• _Required action_:
Exact copy, pictures excluded: set down only the lines from the one with "输出的pred_tag_li" through the end of the entries, keeping both end lines.

Exercise materials: Begin

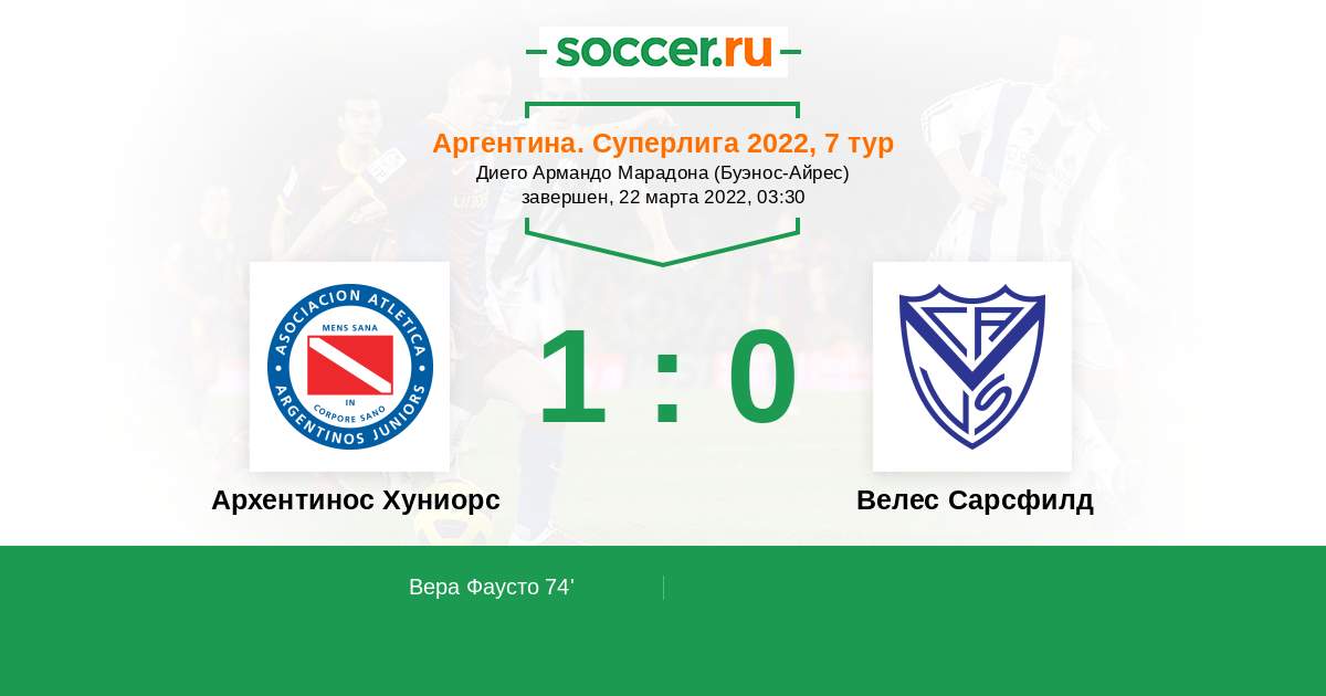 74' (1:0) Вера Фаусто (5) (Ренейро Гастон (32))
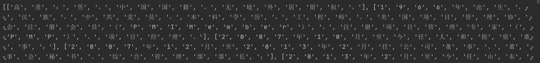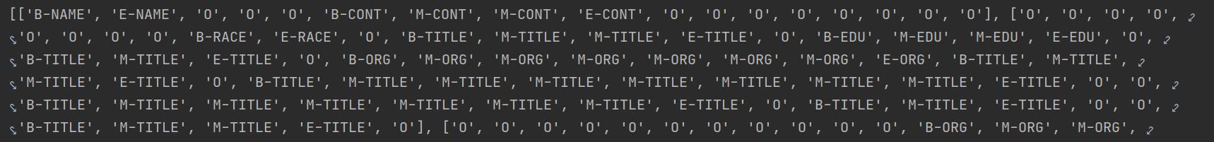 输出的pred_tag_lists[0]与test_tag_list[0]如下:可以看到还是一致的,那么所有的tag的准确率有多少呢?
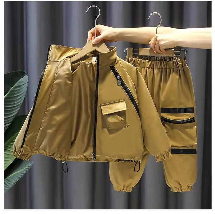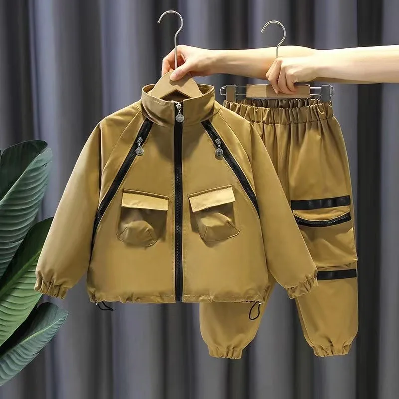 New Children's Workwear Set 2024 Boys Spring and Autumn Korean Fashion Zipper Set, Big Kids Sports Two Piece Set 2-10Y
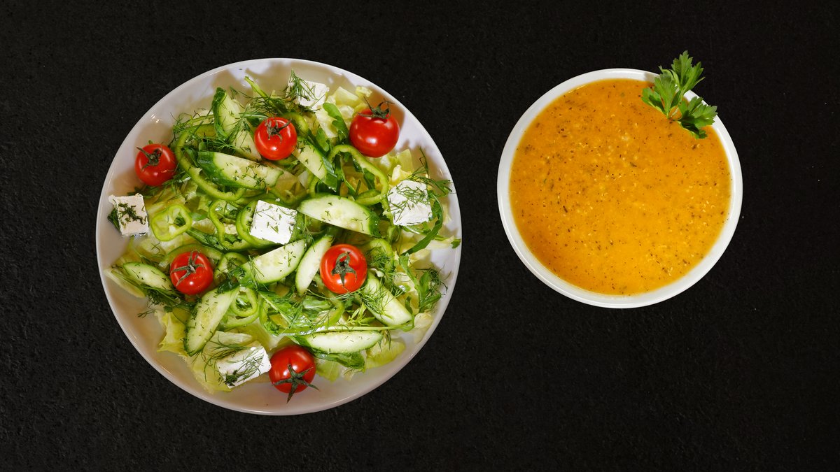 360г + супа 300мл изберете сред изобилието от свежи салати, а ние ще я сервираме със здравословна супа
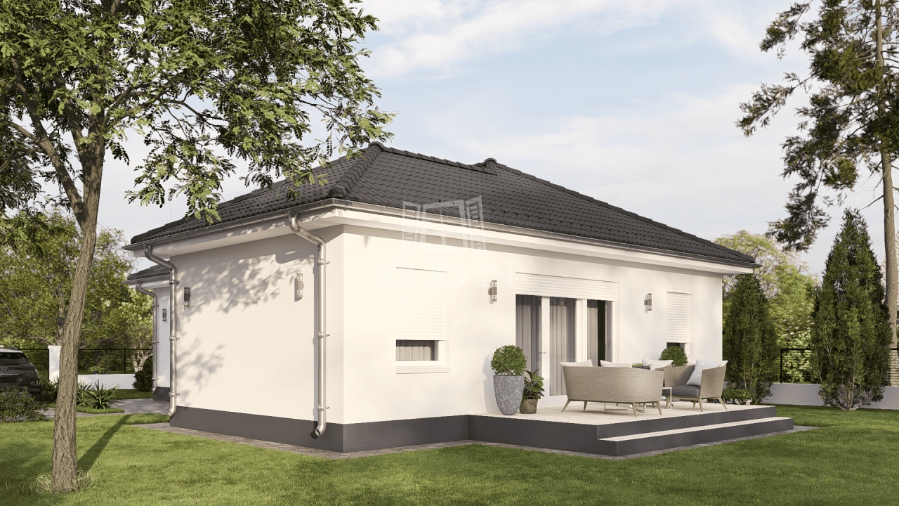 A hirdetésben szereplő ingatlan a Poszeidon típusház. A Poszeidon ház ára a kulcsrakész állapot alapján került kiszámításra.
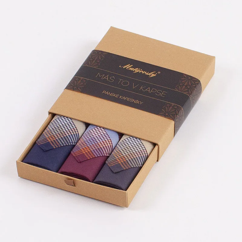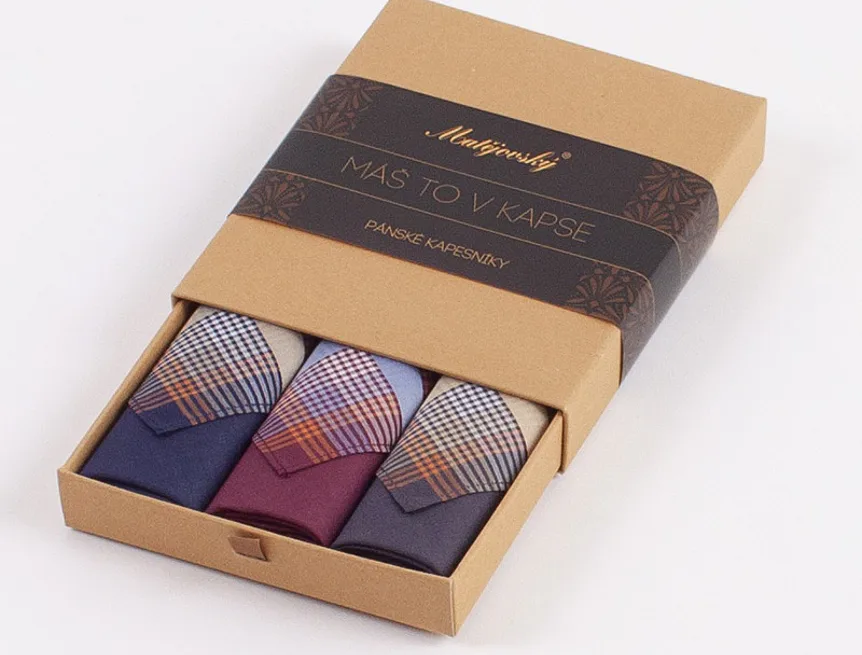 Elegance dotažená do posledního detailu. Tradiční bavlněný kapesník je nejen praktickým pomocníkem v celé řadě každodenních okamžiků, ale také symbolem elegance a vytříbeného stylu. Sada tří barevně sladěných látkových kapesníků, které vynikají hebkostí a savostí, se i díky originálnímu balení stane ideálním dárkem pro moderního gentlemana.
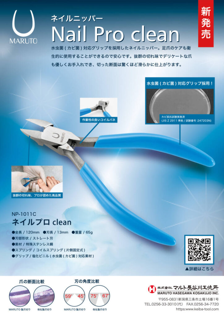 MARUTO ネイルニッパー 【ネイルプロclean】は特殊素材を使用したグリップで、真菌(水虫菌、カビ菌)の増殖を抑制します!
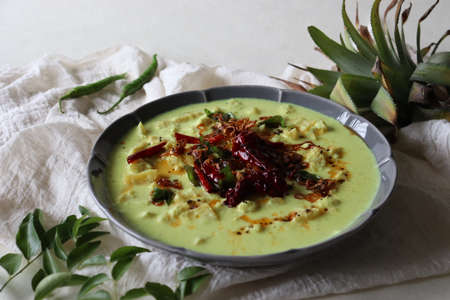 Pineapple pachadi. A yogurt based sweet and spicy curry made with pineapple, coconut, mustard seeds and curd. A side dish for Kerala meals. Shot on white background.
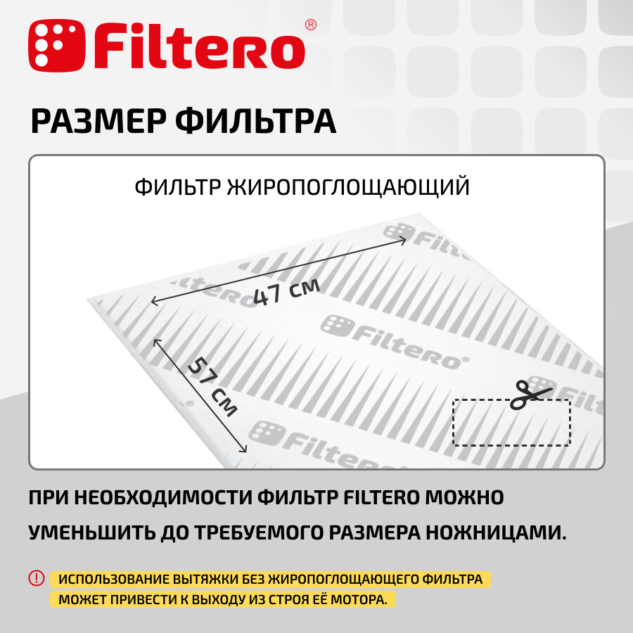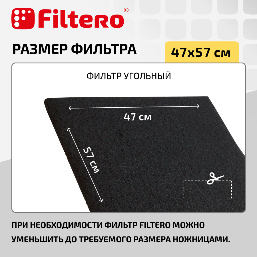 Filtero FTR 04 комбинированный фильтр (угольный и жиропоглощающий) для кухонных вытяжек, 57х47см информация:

Exercise materials: End

• _Output_:
 输出的pred_tag_lists[0]与test_tag_list[0]如下:可以看到还是一致的,那么所有的tag的准确率有多少呢?
 New Children's Workwear Set 2024 Boys Spring and Autumn Korean Fashion Zipper Set, Big Kids Sports Two Piece Set 2-10Y
 360г + супа 300мл изберете сред изобилието от свежи салати, а ние ще я сервираме със здравословна супа
 A hirdetésben szereplő ingatlan a Poszeidon típusház. A Poszeidon ház ára a kulcsrakész állapot alapján került kiszámításra.
 Elegance dotažená do posledního detailu. Tradiční bavlněný kapesník je nejen praktickým pomocníkem v celé řadě každodenních okamžiků, ale také symbolem elegance a vytříbeného stylu. Sada tří barevně sladěných látkových kapesníků, které vynikají hebkostí a savostí, se i díky originálnímu balení stane ideálním dárkem pro moderního gentlemana.
 MARUTO ネイルニッパー 【ネイルプロclean】は特殊素材を使用したグリップで、真菌(水虫菌、カビ菌)の増殖を抑制します!
 Pineapple pachadi. A yogurt based sweet and spicy curry made with pineapple, coconut, mustard seeds and curd. A side dish for Kerala meals. Shot on white background.
 Filtero FTR 04 комбинированный фильтр (угольный и жиропоглощающий) для кухонных вытяжек, 57х47см информация:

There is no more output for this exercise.